ASSIGNMENT: Since the pictures are not wanted, retype the listing below exactly and without them.

DATASET CONTENT:
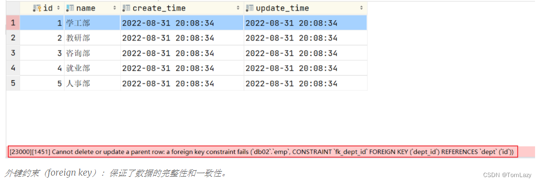 当我们添加了外键之后,再删除ID为1的部门,就会发现,此时数据库报错了,不允许删除,此时仅允许删除没有被关联的id数据:
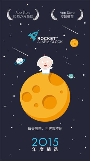 2、全球最具设计和趣味的火箭闹钟, 融合了手机内置的加速计、重力计,以及麦克风来增加交互的趣味性,残忍又小清新
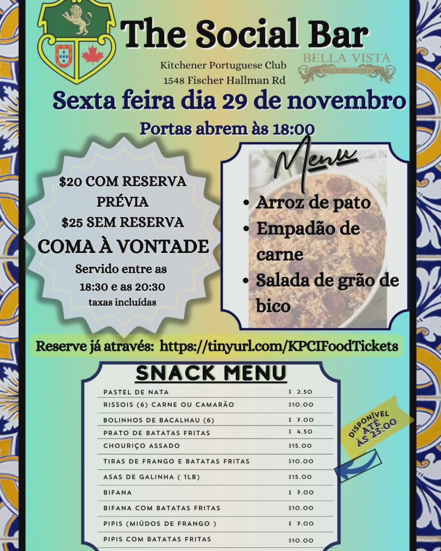 The Kitchener Portuguese Club, would like to see you all join us at our Social Bar for Friday dinner this week, November 29th.

ANSWER TO THE EXERCISE:
 当我们添加了外键之后,再删除ID为1的部门,就会发现,此时数据库报错了,不允许删除,此时仅允许删除没有被关联的id数据:
 2、全球最具设计和趣味的火箭闹钟, 融合了手机内置的加速计、重力计,以及麦克风来增加交互的趣味性,残忍又小清新
 The Kitchener Portuguese Club, would like to see you all join us at our Social Bar for Friday dinner this week, November 29th.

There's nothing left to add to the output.